We countered with an addendum asking for certain repairs (note: not all) or price decrease. They countered back with the slightest decrease ever (we are talking $2000) and a snippy letter stating that “You have to understand that the house was not built in the last 10 years. We refuse to do any repairs on these items since they are non-essential.”

Oh. I hadn’t realized that water was non-essential. Silly me!

Turns out, the sellers weren’t actually living in the house anymore. They had just left some stuff to make it appear that they were. A facade to make naive buyers go “oh, well, if they were living without water in that bathroom, it can’t be that bad! We can fix it eventually.”

I have a toddler. She takes baths. We need water.

How do I know they weren’t actually living in the house anymore? Sleuthing, my dear Doctor Watson! While the inspection was going on and he was making all of his notes, I was walking around and planning where I would put all of our furniture. I couldn’t help but notice some odd things.

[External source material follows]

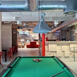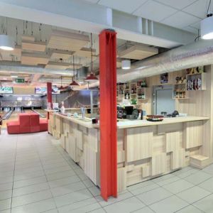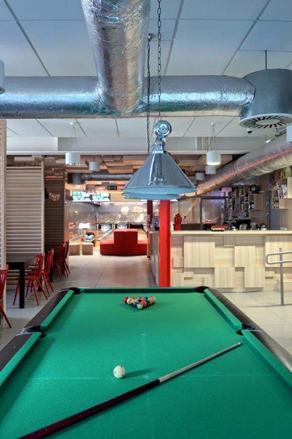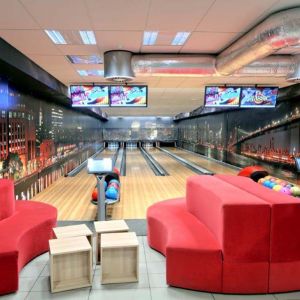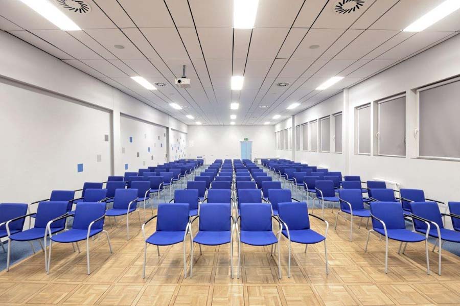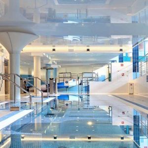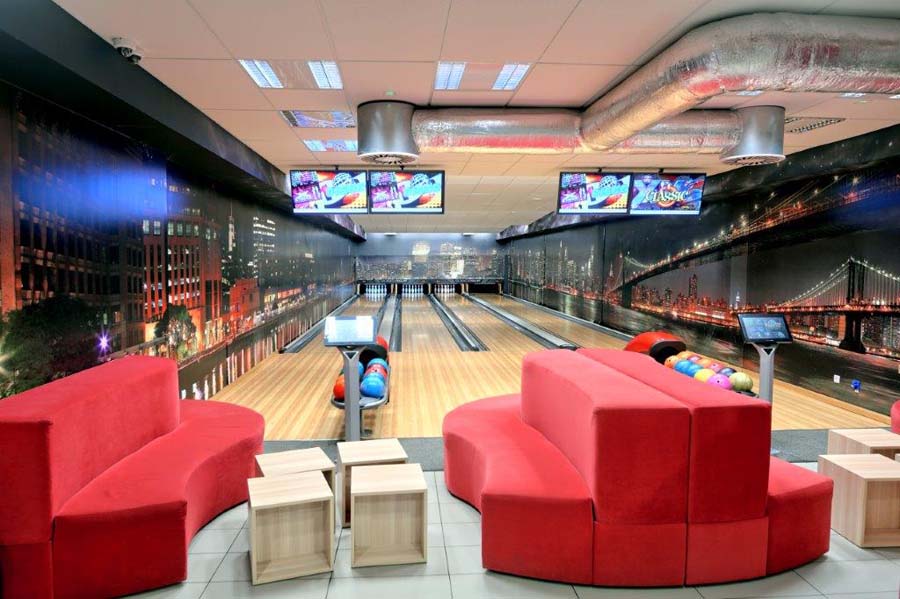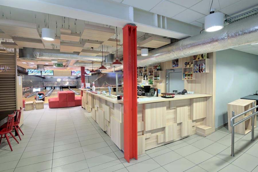Strefa fitness, squash (korytarz, widownia, sala ćwiczeń nr 2 i 3), sala konferencyjna: zastosowano sufitu ecophon typu focus w klasie pochłaniania dźwięku a kręgielnia, strefa rzutu, sala relaksu z barem, strefa odpoczynku: wykonano sufit akustyczny ecophon poprawiający wytłumienie i warunku akustyczne pomieszczeń.

  • 5 out of 6 dining room chairs were broken and couldn’t support more weight than a purse.
  • The oven was so new that it had never been used. You could tell this by the signs inside from the manufacturer.
  • In the master closet, there were weird clothing items. Like a bunch of shoes, but not all of them had matches. Winter coats and nothing else, which would make your outfits ridiculous in the 100 degree weather we constantly have.
  • The dresser was completely empty, so they clearly were not getting dressed here.
  • No towels, but they had half a bar of soap in the guest bath to make it look like someone was showering there.
  • No TVs, computers, coffee machines, electronics of any kind.
  • Canned goods in the pantry and soda in the fridge, but no perishable food. And no dishes, cups, pots, pans, utensils.

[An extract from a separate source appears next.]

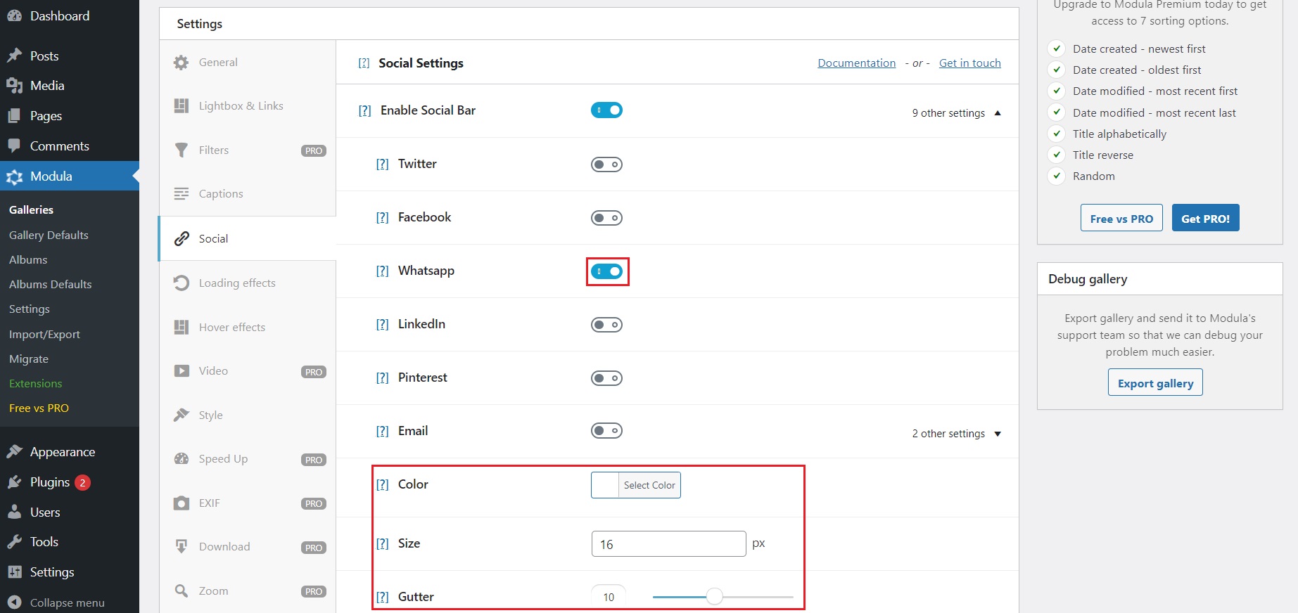Enabling WhatsApp sharing in Modula is straightforward as well.

They must have been stopping by once a week to slightly tweak things to make it look “lived in” and brought their dog over right before any showing to give that same impression.

Incredibly sneaky in a clever, manipulative way.

We backed out of the house.

It still hasn’t sold.

I wonder why?

We had almost put an offer in on another house, but were told someone beat us to it. They said we could try to outbid them, if we wanted. We did not. Hence, we went for the “Facade House”.

But this other house was still showing up in our online portal as for sale. We contacted our realtor, who contacted the sellers’ agent. Apparently the buyers had backed out before the inspection for other reasons. They had received an offer that day, but had showings scheduled this weekend, so were going to wait to look at all offers until the start of next week.

We decided to put in an offer today.

Now let me just say, we have no intent of getting into a bidding war. We do not actually believe there was another offer. We think this might be a selling tactic to try to prevent us from submitting below asking price. “If they offered more, we won’t get the house!” Which is an actual thing that happens. But for it to happen literally the day we were shown the house (and told about it 20 minutes after we finished the showing) and then again the day we inquired as to its new status? It is perfectly possible it is true, but unlikely.

I guess we will find out?

I don’t want to get my hopes up too high, just in case. Lesson learned from the last one, I suppose. I was literally taking video in the rooms of the “Facade House” where I would pan the room and say what I thought could go where. And then the inspector talked to me. And all the air in my balloon of excited-soon-to-be-homeowner-ness seeped out. I really thought they might consider doing the few repairs we requested. You know, the water pipes? Because even if they decided they didn’t like us for finding out their rusted secret, they weren’t going to be able to sell this house at a “move in ready” price with that issue. Each new buyer was going to find out the same information and request a similar addendum.

I deleted the videos.

It was really rough for a bit, because I had been so excited about moving. We would have been near our closing date right now. Packing everything up. Gearing up to start the autumn off in our new home. Planning the holidays there.

I am trying to stay neutral.

 

 

 

But I really do hope they accept our offer.